**Problem details**
Write out again, exactly, the lines below starting at the one with "CHENISTORY рамки DIY" and ending at the one with "何らかの保険などに加入されて".

**Exercise material**
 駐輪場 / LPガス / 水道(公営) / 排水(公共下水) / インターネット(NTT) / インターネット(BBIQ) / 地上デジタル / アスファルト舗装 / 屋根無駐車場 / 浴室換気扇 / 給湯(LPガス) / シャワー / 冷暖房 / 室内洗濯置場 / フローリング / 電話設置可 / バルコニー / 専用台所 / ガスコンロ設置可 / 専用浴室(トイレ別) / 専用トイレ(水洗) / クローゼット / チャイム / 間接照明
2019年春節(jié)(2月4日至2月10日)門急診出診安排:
--
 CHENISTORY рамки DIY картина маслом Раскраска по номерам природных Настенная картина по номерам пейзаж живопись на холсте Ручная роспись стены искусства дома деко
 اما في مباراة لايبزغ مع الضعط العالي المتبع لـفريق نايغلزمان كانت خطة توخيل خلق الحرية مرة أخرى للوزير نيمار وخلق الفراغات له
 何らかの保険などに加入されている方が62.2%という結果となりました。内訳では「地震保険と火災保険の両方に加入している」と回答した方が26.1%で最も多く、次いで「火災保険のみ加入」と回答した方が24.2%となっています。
---
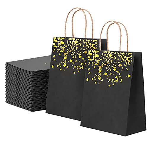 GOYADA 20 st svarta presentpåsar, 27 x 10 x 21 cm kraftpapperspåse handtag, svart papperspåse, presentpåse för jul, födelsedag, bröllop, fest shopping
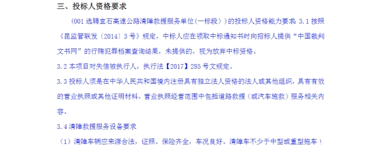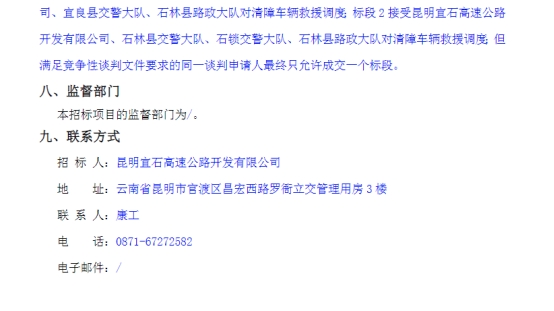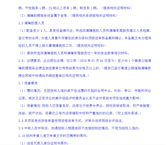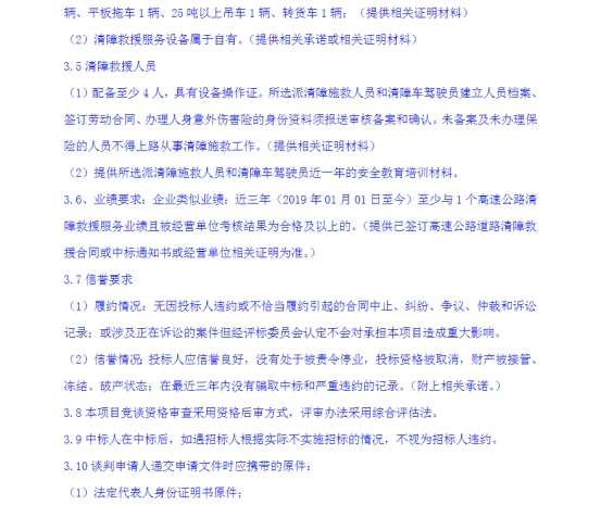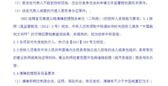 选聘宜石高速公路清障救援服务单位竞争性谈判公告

**Answer for the task**
 CHENISTORY рамки DIY картина маслом Раскраска по номерам природных Настенная картина по номерам пейзаж живопись на холсте Ручная роспись стены искусства дома деко
 اما في مباراة لايبزغ مع الضعط العالي المتبع لـفريق نايغلزمان كانت خطة توخيل خلق الحرية مرة أخرى للوزير نيمار وخلق الفراغات له
 何らかの保険などに加入されている方が62.2%という結果となりました。内訳では「地震保険と火災保険の両方に加入している」と回答した方が26.1%で最も多く、次いで「火災保険のみ加入」と回答した方が24.2%となっています。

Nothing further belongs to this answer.